Этот разговор, как и беседа Литвинова с Беком годом ранее, — еще один пример советской проницательности и польской слепоты. «Я сказал Л[укасевичу], — записал Литвинов, — что он явно наивничает, когда просит нас не беспокоиться относительно Германии. Неужели он серьезно думает, что литовская или латвийская армии могут служить барьером против нападения на нас Германии? Неужели он не понимает, что эти армии могут быть опрокинуты в три дня даже нынешним рейхсвером? Но допустим, что немцы остановятся у наших границ, захватив лишь Прибалтику. Разве Польша с этим готова мириться? Ведь ни польско-германское соглашение, ни союз с Францией гарантией против нападения Германии на Прибалтику не являются».
Лукасевич, по словам Литвинова, пробормотал что-то про осведомленность немцев про особое отношение Прибалтийских государств к Польше. «Я это подхватил, — добавил нарком, — отметив, что в германо-польском протоколе ни слова о Прибалтике не говорится. Стало быть, Германии может быть известно об отношении Польши к этой проблеме из другого соглашения, ни нам, никому другому не известного». В этом случае, продолжал Литвинов, ни один разумный человек не поверит, что Польше будет безразличен захват Германией стран Балтии. Литвинов не мог понять польской политики. Инициатива заключить Восточный пакт исходила от Франции. На что Лукасевич не преминул вставить, что «Франция это отрицает и приписывает инициативу нам».

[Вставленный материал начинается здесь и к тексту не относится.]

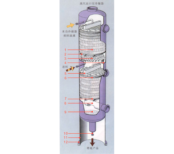 1、規整填料2、支撐柵板3、液體收集器4、集液環5、多級槽式液體分布器6、填料壓圈7、支撐柵板8、蒸汽入口管9、塔底10、至再沸器循環管11、裙座12、底座環此結構適合于直徑大于等于800mm的填料塔。

Литвинов ответил, что это ни для кого не секрет, что первым тему поднял Поль-Бонкур, правда, она касалась лишь заключения советско-французского соглашения. «На что мы ответили, — продолжал он, — предложением о коллективном пакте с участием Прибалтики, Польши и Чехословакии». Этот пакт имел предельно ясную цель: гарантировать мир в Восточной Европе и дать одинаковые гарантии всем странам-участницам. Вот такое продолжение получил этот разговор. Что мог сказать Лукасевич? Если Литвинов верно описал обстановку, царившую во время встречи, то польского посла на той встрече здорово прижали, что он не говорил, а «бормотал». Польша, сделав малый шаг вперед, немедленно делала большой шаг назад, вынужденно констатировал Литвинов. После нескольких комментариев Литвинов сообщил Лукасевичу, что продолжать дискуссию сегодня уже не имеет смысла[893].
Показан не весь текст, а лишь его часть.